Department of Computer Science and Centre for Biological Signalling Studies (BIOSS), Albert-Ludwigs-Universität Freiburg, Germany.
Nucleic Acids Res. 2012 Jul;40(12):5215-26. doi: 10.1093/nar/gks181. Epub 2012 Feb 28.
Determining the structural properties of mRNA is key to understanding vital post-transcriptional processes. As experimental data on mRNA structure are scarce, accurate structure prediction is required to characterize RNA regulatory mechanisms. Although various structure prediction approaches are available, it is often unclear which to choose and how to set their parameters. Furthermore, no standard measure to compare predictions of local structure exists. We assessed the performance of different methods using two types of data: transcriptome-wide enzymatic probing information and a large, curated set of cis-regulatory elements. To compare the approaches, we introduced structure accuracy, a measure that is applicable to both global and local methods. Our results showed that local folding was more accurate than the classic global approach. We investigated how the locality parameters, maximum base pair span and window size, influenced the prediction performance.

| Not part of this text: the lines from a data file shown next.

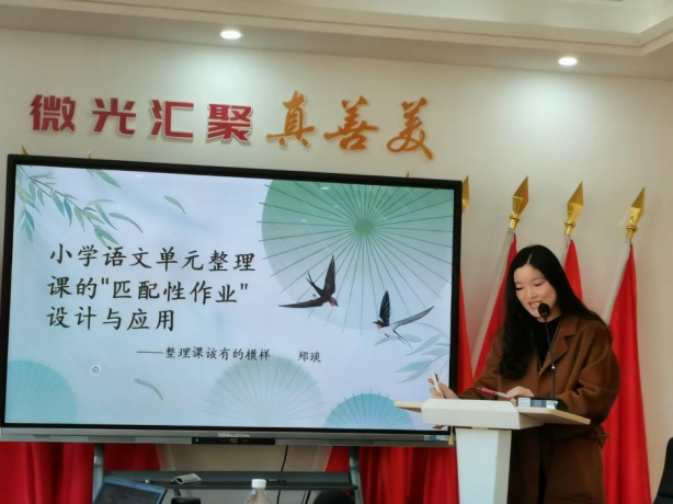 语文教师郑琰围绕“小学语文单元整理课匹配性作业的设计与应用”展开汇报。她提炼出“梳理性作业、运用性作业、衔接性作业、反思性作业”四种类型,并具体阐述了其应用步骤与要点,旨在引导学生构建结构化知识并解决真实问题。
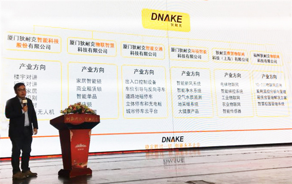 在分享交流会上,狄耐克产品经理胡思林先生先在座的领导、嘉宾们详细介绍了狄耐克的产业分布情况。“目前,狄耐克产业的主要方向除一直在做的楼宇对讲、智能家居外,智慧停车、智能新风、智能门锁、工业物联等都是我们正专注在做的产业。”胡经理说道。
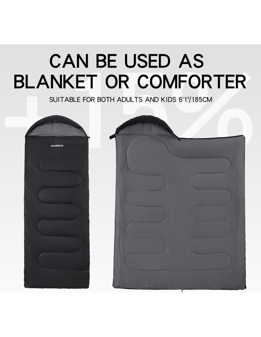 - [Tamaño universal] : Acomodando durmientes de hasta 6'1" (86.61"x32.68"), estos sacos de dormir convertibles se transforman en edredones de tamaño twin, haciéndolos sacos de dormir versátiles para camping en coche, kits de preparación para emergencias o soluciones de cama para invitados.
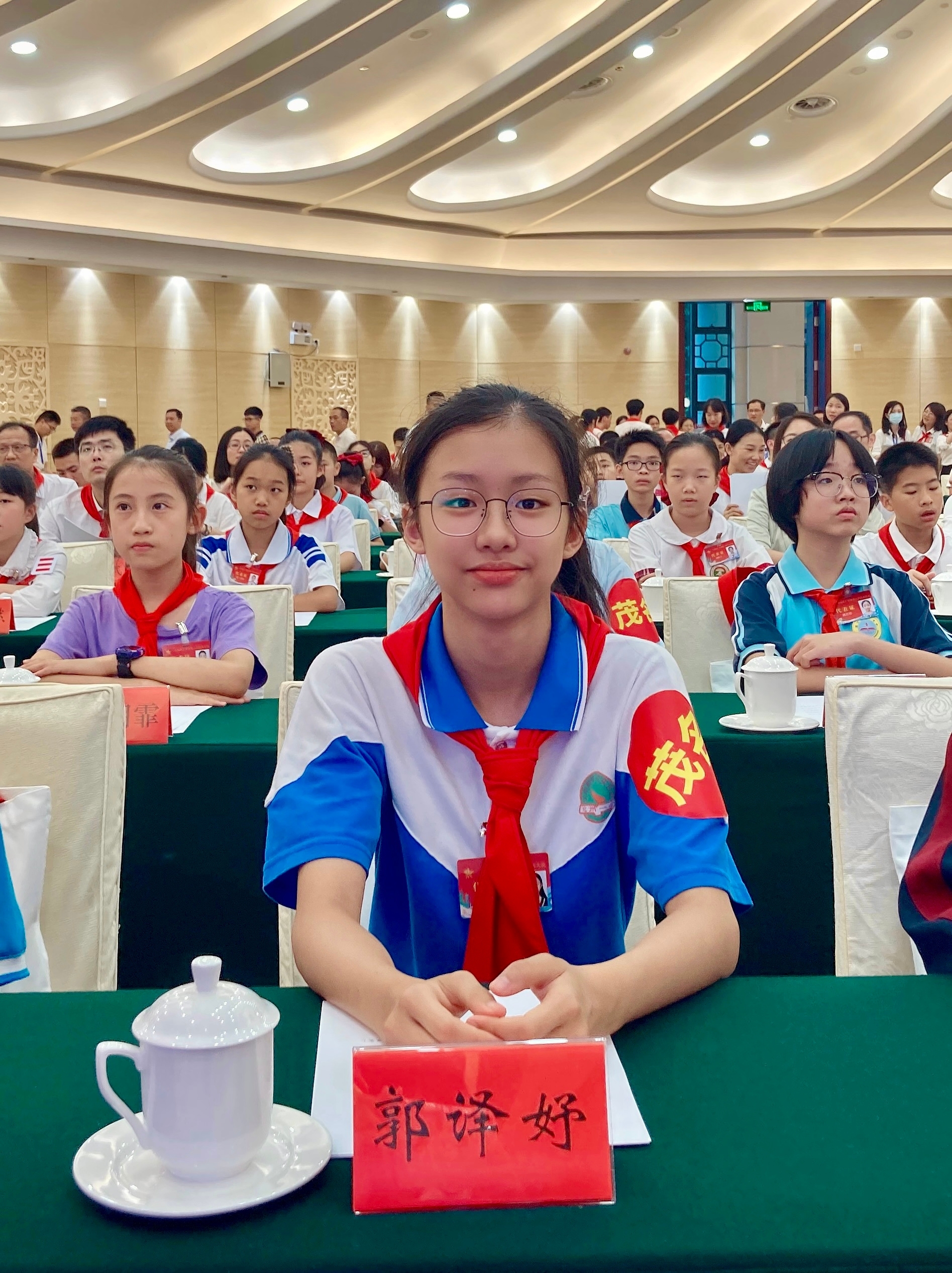 郭译妤,现为化州市第四中学七年级6班班长、化州市少工委委员、中国少年先锋队广东省第八次代表大会代表。曾入选2025年广东“新时代好少年”,荣获全国“红领巾奖章”个人五星章、广东省“红领巾奖章”个人四星章,被评为茂名市新时代好少年、茂名市优秀少先队员、茂名市好心少年、化州市新时代好少年、化州市优秀少先队员,并多次获评校级优秀少先队员、三好学生、优秀班干部。
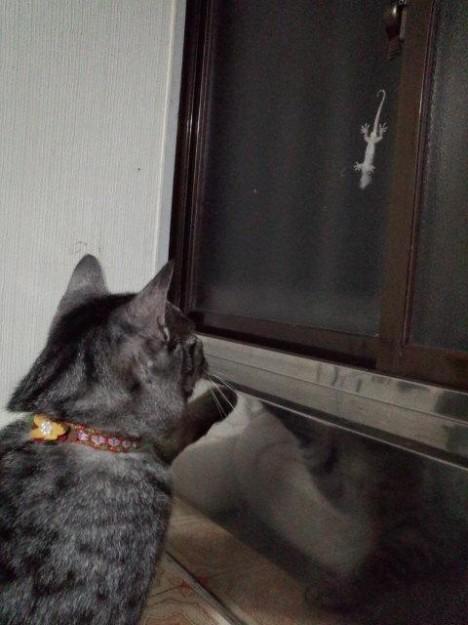 やもりくんも 頭の先っちょや しっぽをちょろり・・としか見せてくれません。

A span of 150 provided a reasonable balance between maximizing the number of accurately predicted base pairs, while minimizing effects of incorrect long-range predictions. We characterized the error at artificial sequence ends, which we reduced by setting the window size sufficiently greater than the maximum span. Our method, LocalFold, diminished all border effects and produced the most robust performance.

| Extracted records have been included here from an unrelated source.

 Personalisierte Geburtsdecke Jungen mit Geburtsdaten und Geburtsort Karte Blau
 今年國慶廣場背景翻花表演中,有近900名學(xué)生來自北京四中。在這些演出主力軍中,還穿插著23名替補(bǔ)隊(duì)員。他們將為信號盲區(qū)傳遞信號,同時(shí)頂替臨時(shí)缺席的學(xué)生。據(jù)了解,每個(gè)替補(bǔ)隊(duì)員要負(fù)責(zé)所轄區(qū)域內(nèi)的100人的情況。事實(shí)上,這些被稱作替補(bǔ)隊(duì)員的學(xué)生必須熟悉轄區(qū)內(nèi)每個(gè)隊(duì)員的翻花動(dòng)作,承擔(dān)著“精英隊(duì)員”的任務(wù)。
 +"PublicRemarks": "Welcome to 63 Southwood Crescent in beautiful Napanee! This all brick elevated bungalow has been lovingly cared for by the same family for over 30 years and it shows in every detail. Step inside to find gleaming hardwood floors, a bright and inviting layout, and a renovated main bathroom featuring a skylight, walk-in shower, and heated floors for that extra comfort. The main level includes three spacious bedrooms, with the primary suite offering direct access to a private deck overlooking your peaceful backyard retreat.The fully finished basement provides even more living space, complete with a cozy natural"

确定 mRNA 的结构特性是理解重要的转录后过程的关键。由于关于 mRNA 结构的实验数据很少,因此需要进行准确的结构预测来描述 RNA 调节机制。尽管有多种结构预测方法,但通常不清楚应该选择哪种方法以及如何设置其参数。此外,目前还没有用于比较局部结构预测的标准方法。我们使用两种类型的数据评估了不同方法的性能:全转录组酶探测信息和大型、经过精心整理的顺式调控元件集。为了比较这些方法,我们引入了结构准确性,这是一种适用于全局和局部方法的度量。我们的结果表明,局部折叠比经典的全局方法更准确。我们研究了局部参数(最大碱基对跨度和窗口大小)如何影响预测性能。跨度为 150 在最大化准确预测碱基对的数量和最小化错误的长程预测的影响之间取得了合理的平衡。我们还对人工序列末端的误差进行了特征描述,并通过将窗口大小设置得足够大于最大跨度来减少误差。我们的方法 LocalFold 减少了所有边界效应,表现出最稳健的性能。